Opening a new theater space has done in many a production. American Blues Theatre encountered such logistical nightmares getting their new space ready last spring that Monsters III barely hobbled to the finish line. In 1988 Lookingglass mounted their debut production, Of One Blood, in a freshly insulated room so thick with caustic fumes the company offered to refund everyone's admission.

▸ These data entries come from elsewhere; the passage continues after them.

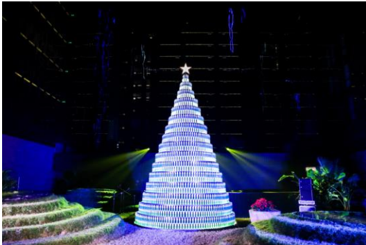
2018 The Temple House Up-cycled Christmas Tree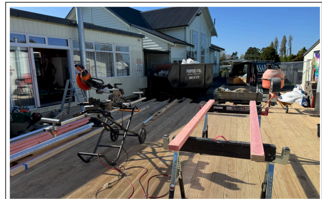
The view from Patatee (Room 7)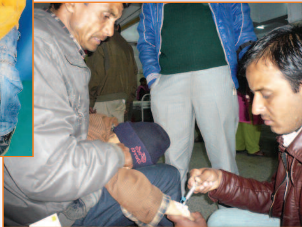
Donated factor to the Nepal Hemophilia Society for various patients in need.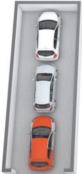
Not In Position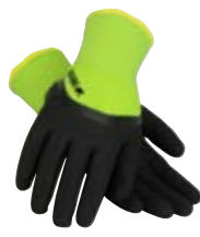
> P. 37 SW7193 (MULTIPLE COLORS)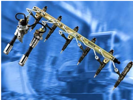
diesel fuel injection system, invented and produced in Bamberg

In the town of Bamberg the creative heads of electronic and mechanic industry are inventing the world-wide-high-tech technologies.

Let's hope the folks at Trap Door can similarly excuse their unfocused, ill-conceived Birdbath, which christens their handsome new Bucktown space: this play has all the excitement of flat champagne. Leonard Melfi's predictable 1965 one-act about Velma and Frankie, two miserably lonely cafeteria workers who come together one night only to tear themselves apart, proceeds at such a dawdling pace that what little tension Melfi provides dissipates within ten minutes. As Velma, Beata Pilch is likable but tepid, especially considering that her tragic secret, if you can believe it, is that she sliced up her mother with a bread knife earlier in the day. As Frankie, Ben Byer sleepwalks. It would seem the only way to get a rise out of this actor would be to drop him from a high place.

How director Daniel Taube, who brought David Rabe's In the Boom Boom Room so vibrantly to life earlier this year, could direct this production with such seeming indifference is a mystery. The furious energy of Trap Door's promising debut, The Madman and the Nun, has been replaced by a general listlessness--not the kind of energy that will keep the company in rent.